7

I have a complex business logic that requires me to perform a 2-levels nested query. The queries are generated by Django's ORM. At the bottom of the question I'll provide the queries as-is as well as a full EXPLAIN suitable to be viewed with PEV2, but in order to help readers understand better the question, I'll start with a more conceptual explanation.

This is how a very naive description of what we're doing looks like:

some_ids = get_id_based_on_some_conditions(*conditions*)
some_other_ids = get_some_other_ids_based_on_some_conditions_and_filtering_by_some_ids(*other_conditions*, some_ids)
results = get_results_based_on_even_more_conditions_and_filtering_by_some_other_ids(*another_set_of_conditions*, some_other_ids)

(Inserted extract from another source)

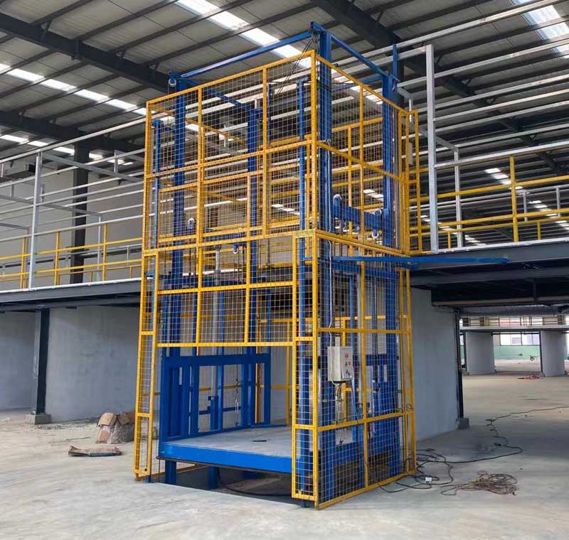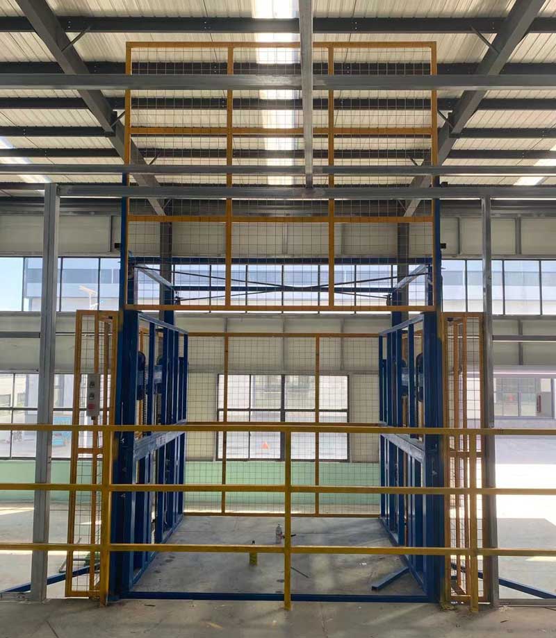 導軌式升降貨梯主體結構使用鋼材焊接而成,故而具有載重量大,強度高,耐磨損等突出優點;臺面采用高強度防滑花紋的鋼板,抗壓、耐磨、防滑,使貨物在運輸過程中更穩固;導軌采用H型鋼,其抗彎能力強、直線精度高,設備運行更加安全平穩。

Translating the following pseudo-code to actual SQL using subqueries is quite easy. A straightforward translation becomes into the following pseudo-query:

select 
    foo,
    bar
from
    t1,
    t2
where
    condition1 = something and
    condition2 in (   <---- first level subquery
        select 
            id
        from
            t3
        where
            condition3 = another_something and
            condition4 in (    <---- second level subquery
                select
                    another_id
                from
                    t4
                where
                    condition5 = something_something and
                    condition6 = another_something_something
            )
    )

Since the query is taking a considerable amount of time (~0.6s) given the number of rows that it returns (a little bit over 9.000), I thought that it might help replacing the second level subquery with an inner join.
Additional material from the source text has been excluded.